This month, the Oxford University Press releases “Rethinking the Scottish Revolution: Covenanted Scotland, 1637-51,” by Laura A.M. Stewart (University of London). The publisher’s description follows:
The English revolution is one of the most intensely-debated events in history; parallel events in Scotland have never attracted the same degree of interest. Rethinking the Scottish Revolution argues for a new interpretation of the seventeenth-century Scottish revolution that goes beyond questions about its radicalism, and reconsiders its place within an overarching ‘British’ narrative.
In this volume, Laura Stewart analyses how interactions between print and manuscript polemic, crowds, and political performances enabled protestors against a Prayer Book to destroy Charles I’s Scottish government. Particular attention is given to the way in which debate in Scotland was affected by the emergence of London as a major publishing centre. The subscription of the 1638 National Covenant occurred within this context and further politicized subordinate social groups that included women. Unlike in England, however, public debate was contained. A remodelled constitution revivified the institutions of civil and ecclesiastical governance, enabling Covenanted Scotland to pursue interventionist policies in Ireland and England – albeit at terrible cost to the Scottish people.

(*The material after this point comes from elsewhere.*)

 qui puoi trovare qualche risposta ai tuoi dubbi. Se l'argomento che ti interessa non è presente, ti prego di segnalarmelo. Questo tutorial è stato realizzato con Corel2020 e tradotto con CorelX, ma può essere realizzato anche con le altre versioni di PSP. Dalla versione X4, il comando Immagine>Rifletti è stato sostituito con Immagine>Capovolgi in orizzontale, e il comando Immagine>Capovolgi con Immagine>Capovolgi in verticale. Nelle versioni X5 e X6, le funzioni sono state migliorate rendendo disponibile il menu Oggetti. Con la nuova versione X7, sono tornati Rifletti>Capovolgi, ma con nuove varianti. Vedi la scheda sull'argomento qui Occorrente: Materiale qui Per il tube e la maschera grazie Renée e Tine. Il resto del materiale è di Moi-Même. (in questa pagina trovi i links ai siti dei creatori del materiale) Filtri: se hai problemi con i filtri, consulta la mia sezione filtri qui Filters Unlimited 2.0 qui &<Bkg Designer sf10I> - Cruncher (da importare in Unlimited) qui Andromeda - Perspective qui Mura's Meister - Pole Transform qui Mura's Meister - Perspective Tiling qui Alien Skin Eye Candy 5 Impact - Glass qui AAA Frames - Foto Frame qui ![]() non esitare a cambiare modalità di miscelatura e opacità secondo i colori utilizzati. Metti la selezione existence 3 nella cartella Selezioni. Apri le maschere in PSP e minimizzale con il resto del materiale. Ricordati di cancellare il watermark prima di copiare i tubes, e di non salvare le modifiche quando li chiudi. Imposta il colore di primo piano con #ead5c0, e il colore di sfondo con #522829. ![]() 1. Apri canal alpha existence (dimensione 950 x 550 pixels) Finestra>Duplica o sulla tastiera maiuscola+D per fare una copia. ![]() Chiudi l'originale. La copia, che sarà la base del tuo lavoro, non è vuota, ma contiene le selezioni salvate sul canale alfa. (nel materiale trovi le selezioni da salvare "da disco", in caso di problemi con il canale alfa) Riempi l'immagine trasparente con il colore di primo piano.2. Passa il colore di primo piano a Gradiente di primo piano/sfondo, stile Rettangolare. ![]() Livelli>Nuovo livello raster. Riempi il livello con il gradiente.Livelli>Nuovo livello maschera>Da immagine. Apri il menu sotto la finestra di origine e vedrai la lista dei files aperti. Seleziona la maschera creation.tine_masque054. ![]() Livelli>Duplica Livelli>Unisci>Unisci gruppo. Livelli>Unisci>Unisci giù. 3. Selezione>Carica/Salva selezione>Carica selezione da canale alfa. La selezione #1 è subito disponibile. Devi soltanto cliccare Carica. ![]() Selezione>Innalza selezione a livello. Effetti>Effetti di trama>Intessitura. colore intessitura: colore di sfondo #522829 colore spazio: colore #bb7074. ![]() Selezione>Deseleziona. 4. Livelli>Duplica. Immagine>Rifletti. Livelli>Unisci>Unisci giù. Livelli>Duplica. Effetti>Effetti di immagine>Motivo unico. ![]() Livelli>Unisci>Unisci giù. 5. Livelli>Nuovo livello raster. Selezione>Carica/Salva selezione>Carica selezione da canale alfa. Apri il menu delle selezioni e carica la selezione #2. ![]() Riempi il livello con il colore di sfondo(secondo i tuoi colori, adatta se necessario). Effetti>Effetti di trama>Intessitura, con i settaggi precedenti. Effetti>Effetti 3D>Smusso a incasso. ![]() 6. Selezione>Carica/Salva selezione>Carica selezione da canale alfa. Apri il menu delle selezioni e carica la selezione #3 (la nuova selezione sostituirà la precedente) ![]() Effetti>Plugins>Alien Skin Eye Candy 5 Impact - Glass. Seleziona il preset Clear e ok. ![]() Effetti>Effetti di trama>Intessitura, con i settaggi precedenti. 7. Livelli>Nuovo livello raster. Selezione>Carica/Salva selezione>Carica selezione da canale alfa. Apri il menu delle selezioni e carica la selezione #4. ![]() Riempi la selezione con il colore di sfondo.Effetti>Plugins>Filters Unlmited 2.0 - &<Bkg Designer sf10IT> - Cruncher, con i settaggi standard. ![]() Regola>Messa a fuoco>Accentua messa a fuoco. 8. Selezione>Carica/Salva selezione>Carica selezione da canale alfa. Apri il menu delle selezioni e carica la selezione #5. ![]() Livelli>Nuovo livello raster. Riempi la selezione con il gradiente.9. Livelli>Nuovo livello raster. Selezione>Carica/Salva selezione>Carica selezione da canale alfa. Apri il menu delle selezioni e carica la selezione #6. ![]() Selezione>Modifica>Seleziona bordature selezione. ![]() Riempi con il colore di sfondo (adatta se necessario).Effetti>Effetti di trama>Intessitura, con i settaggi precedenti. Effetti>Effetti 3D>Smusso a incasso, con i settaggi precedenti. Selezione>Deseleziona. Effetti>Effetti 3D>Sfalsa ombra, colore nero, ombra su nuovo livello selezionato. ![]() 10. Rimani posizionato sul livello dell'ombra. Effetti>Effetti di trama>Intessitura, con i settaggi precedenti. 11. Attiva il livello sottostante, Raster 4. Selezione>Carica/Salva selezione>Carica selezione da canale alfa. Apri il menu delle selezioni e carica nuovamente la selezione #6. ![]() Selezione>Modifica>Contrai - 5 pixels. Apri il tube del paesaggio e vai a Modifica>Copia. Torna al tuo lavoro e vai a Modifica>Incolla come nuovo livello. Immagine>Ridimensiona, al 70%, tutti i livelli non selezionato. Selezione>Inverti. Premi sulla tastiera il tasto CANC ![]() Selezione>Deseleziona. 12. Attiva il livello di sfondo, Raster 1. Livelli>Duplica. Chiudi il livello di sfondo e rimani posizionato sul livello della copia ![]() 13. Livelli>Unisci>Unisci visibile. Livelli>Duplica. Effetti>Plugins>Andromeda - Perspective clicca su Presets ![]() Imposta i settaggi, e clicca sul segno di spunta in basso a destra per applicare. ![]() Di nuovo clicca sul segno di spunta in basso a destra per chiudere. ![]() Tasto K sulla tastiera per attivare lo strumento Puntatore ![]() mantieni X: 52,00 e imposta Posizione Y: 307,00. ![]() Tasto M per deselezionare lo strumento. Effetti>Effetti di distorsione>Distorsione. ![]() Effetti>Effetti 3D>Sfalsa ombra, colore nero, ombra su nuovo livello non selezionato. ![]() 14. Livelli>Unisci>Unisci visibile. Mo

War transformed the nature of state power in Scotland, but this achievement was contentious and fragile. A key weakness lay in the separation of ecclesiastical and civil authority, which justified for some a strictly conditional understanding of obedience to temporal authority. Rethinking the Scottish Revolution explores challenges to legitimacy of the Covenanted constitution, but qualifies the idea that Scotland was set on a course to destruction as a result. Covenanted government was overthrown by the new model army in 1651, but its ideals persisted. In Scotland as well as England, the language of liberty, true religion, and the public interest had justified resistance to Charles I. The Scottish revolution embedded a distinctive and durable political culture that ultimately proved resistant to assimilation into the nascent British state.